[The House by the Church-Yard by J. Sheridan Le Fanu]@TWC D-Link bookThe House by the Church-Yard CHAPTER LXXV 4/8
I believe for a while he thought _you_ were he; and Dangerfield laughed his dry, hard chuckle. 'Where, Sir, do you suppose Charles Archer is now to be found ?' urged Mervyn. 'Why, what remains of him, in Florence,' answered Dangerfield. 'You speak, Sir, as if you thought him dead.' 'Think? I know he's dead.
I knew him but three weeks, and visited him in his sickness--was in his room half an hour before he died, and attended his funeral,' said Dangerfield. 'I implore of you, Sir, as you hope for mercy, don't trifle in this matter,' cried Mervyn, whose face was white, like that of a man about to swoon under an operation. 'Trifle! What d'ye mean, Sir ?' barked out Dangerfield, rabidly. 'I mean, Sir, _this_--I've information he's positively living, and can relieve my father's memory from the horrible imputation that rests upon it.

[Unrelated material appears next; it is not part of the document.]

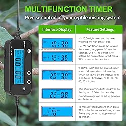 【DIY Rainforest Misting System】Build a customized misting setup for your terrarium. Includes a 16.4 ft tubing, connectors, and 6 rotatable nozzles — easy to arrange and expand for different tank sizes. 【External Timer Controller】Simple 3-button timer lets you set misting duration (up to 9 minutes) and interval: 20/30/40 minutes, 1–23 hours, or 1–30 days. No worries when you're away for a few days. 【Adjustable Nozzle Joints】The nozzle joints rotate 360°, letting you aim water precisely. Provides multi-angle coverage to distribute water evenly throughout your terrarium. 【Draws Water from Any Container】No built-in water tank required. Just place the tube into a bucket or container—the self-priming pump automatically draws water and produces a fine mist. 【Upgraded Quiet Pump】The upgraded water pump features high pressure, a compact design, and durable performance. It can connect up to 10 rainforest nozzles and operates with low noise. 【Water & Filtration】Equipped with an external filter to reduce impurities before water enters. Removable for easy cleaning. Use clean water (tap water) and avoid sand, debris, or oil to prevent clogging.

You know who I am!' 'Ay, Sir, Lord Castlemallard told me.' 'And my life I cheerfully devote to the task of seizing and tracing out the bloody clue of the labyrinth in which I'm lost.' 'Good--'tis a pious as well as a prudent resolve,' said Dangerfield, with a quiet sneer.
'And now, Sir, give me leave to say a word.
Your information that Charles Archer is living, is not worth the breath of the madman that spoke it, as I'll presently show you.